• **Exercise materials**:
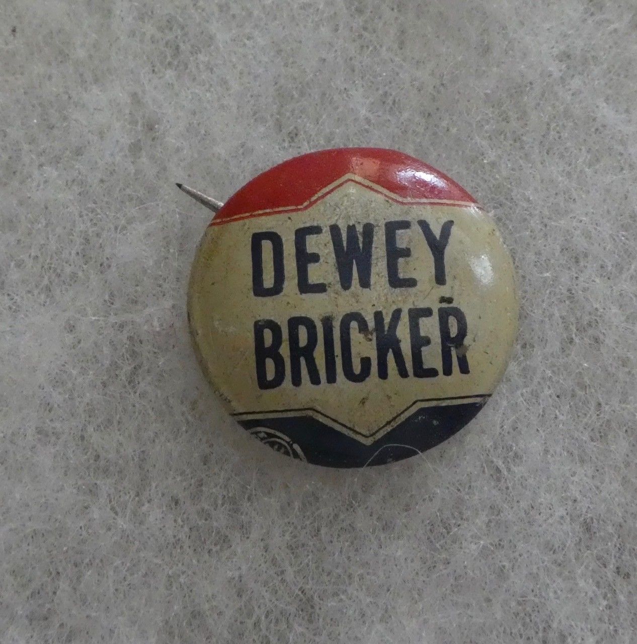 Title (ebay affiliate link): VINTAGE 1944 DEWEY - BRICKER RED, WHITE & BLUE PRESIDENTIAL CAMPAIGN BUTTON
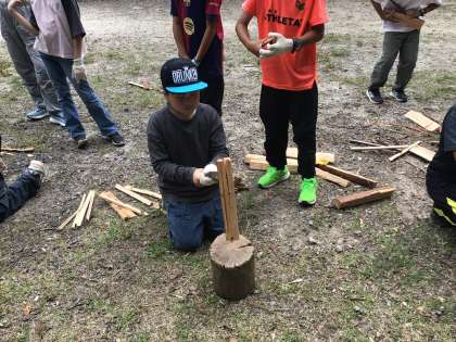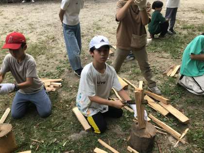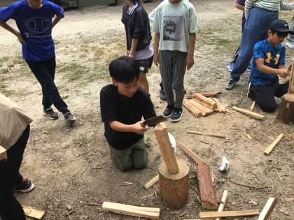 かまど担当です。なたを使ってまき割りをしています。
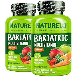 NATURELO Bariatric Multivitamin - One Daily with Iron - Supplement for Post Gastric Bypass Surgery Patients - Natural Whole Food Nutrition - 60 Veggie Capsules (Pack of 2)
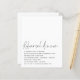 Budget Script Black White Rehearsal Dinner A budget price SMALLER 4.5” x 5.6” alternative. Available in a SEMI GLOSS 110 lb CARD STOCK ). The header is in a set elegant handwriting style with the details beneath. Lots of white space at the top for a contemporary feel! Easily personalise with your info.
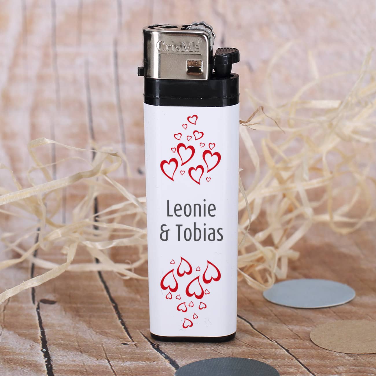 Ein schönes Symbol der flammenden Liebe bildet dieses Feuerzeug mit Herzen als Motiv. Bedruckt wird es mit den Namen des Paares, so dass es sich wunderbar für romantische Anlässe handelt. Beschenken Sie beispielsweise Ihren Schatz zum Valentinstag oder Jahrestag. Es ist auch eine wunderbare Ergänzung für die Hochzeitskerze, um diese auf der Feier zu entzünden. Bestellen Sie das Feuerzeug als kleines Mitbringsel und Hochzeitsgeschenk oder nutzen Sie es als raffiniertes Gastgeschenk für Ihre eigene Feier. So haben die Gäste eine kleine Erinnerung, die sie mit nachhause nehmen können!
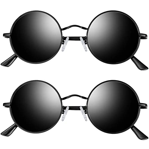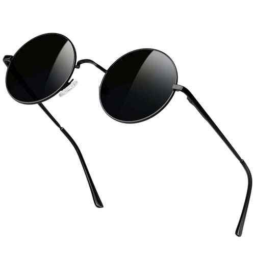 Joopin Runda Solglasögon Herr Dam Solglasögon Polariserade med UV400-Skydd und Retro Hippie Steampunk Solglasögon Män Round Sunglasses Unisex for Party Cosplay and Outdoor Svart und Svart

• **Instructions for the task**:
Would you copy, exactly, each line from the start of the listing above through the line with "NATURELO Bariatric Multivitamin", both ends included, but none of the pictures?

• **The answer**:
 Title (ebay affiliate link): VINTAGE 1944 DEWEY - BRICKER RED, WHITE & BLUE PRESIDENTIAL CAMPAIGN BUTTON
 かまど担当です。なたを使ってまき割りをしています。
 NATURELO Bariatric Multivitamin - One Daily with Iron - Supplement for Post Gastric Bypass Surgery Patients - Natural Whole Food Nutrition - 60 Veggie Capsules (Pack of 2)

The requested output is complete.